George Bull

Written by: George Bull

George Bull

Senior Tax Partner

Are robots the latest tax-dodgers?

Concerns that tangible robots and invisible AI will devour human jobs have led to calls around the world that robots should pay tax.

So it's worth asking why only now are we hearing these calls, is taxing robots the right approach and is there an underlying problem which suggests a different response?

So why now? For much of the 20th and the 21st century, mechanisation has been seen as a good thing. While production lines and the rise of digital technologies have failed to deliver the age of leisure which many forecast in the 1960s, they’re not exactly hot news. Worried at public reactions to the idea of having to deal with machines, many developers within manufacturing companies have worked hard to give their robots a humanoid appearance. So, if it looks a bit human, and tries to communicate like a human, then shouldn't it pay tax like a human?

Luddites used sledgehammers to destroy textile machines which threatened the jobs and livelihoods of skilled workers. Today, taxation’s iron hammer is wielded by those concerned that commercial profits and individual incomes do not reflect social justice. Social commentators, academics and finance ministries are urgently assessing the impact of robotics and AI on employment in general and on tax revenues in particular. It's easy to identify the perceived problem. Some might say, ‘robots will take our jobs’. Although the rate of job losses is not clear, it's likely to be slower than people anticipate. Nevertheless, job losses will be followed by declines in income tax, social security contributions and other payroll taxes. Exchequers will see healthy tax flows replaced by increased obligations to pay social benefits. So far, so simple: why not tax a robot as if it was a person?

Neither robots (no matter how humanoid they might look) nor the AI which drives sophisticated machinery, highly evolved service-delivery mechanisms or financial transactions are anything other than tools by which businesses operate. They exist to boost business productivity and profitability. Taxing them as if they’re real people simply doesn't make sense. This brings us to the heart of the problem. In most G20 nations, the rate of tax which businesses pay on their profits (corporation tax in the UK) is less than the rate of income tax, social security contributions and payroll taxes paid by and in respect of the human workforce. So, increases in corporate profits promised by the rise of robotics will not result in a compensating increase in corporation tax receipts.

Realistically, only limited choices are available:

  1. increase the rate of corporation tax to compensate for the decline in labour taxes. With UK employment currently running at relatively high levels, the government is likely to have sufficient time to collect data and produce economic models on which reliable decisions can be based;
  2. reduce the tax incentives available for research and development. While that might contribute to the solution, it could be disastrous for advanced economies;
  3. broaden the tax base in other ways, for example through the implementation of a land value tax, through higher business rates for companies using robotics or AI, or through similar measures specific to business type or location.

This requires thought, consultation and careful planning. Budgets characterised by the latest great idea from the Chancellor of the day have no part to play in this.

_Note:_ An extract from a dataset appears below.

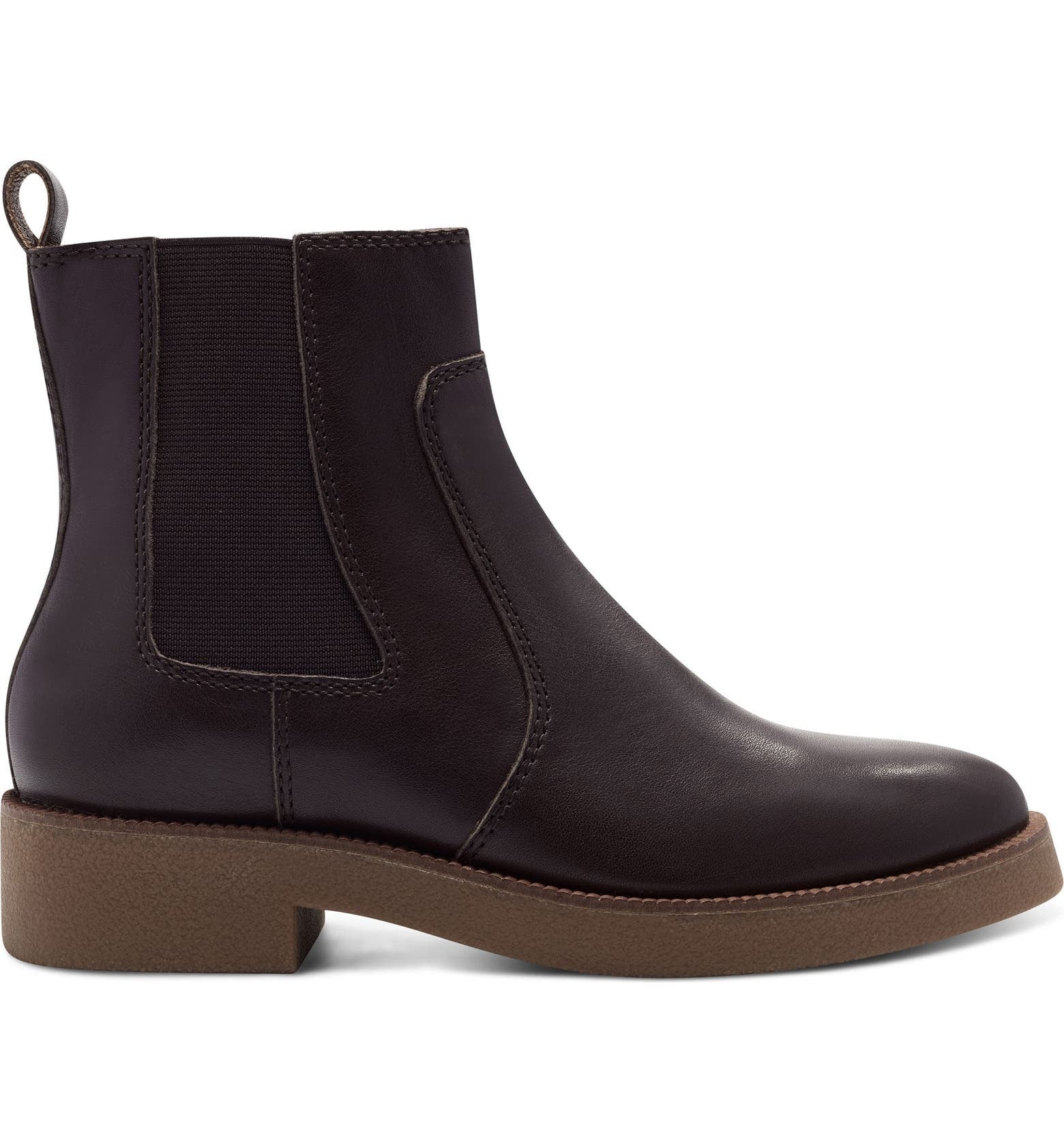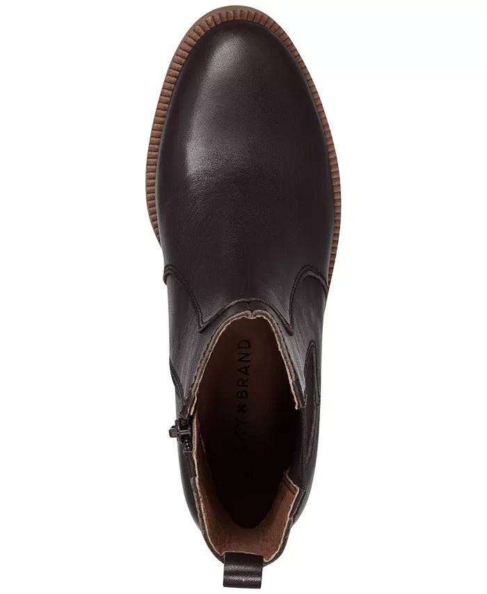 Lucky Brand Ressy Chocolate Leather Chelsea Style Block Low Heel Ankle Booties

Other issues must of course be taken into account. For example, should these changes to the tax system go hand-in-hand with the replacement of the current range of social benefits and tax credits with a universal basic income? And while some fear that robotics will further polarise income inequality, companies must recognise that they are unlikely to succeed unless the population at large has sufficient disposable income to spend on their products.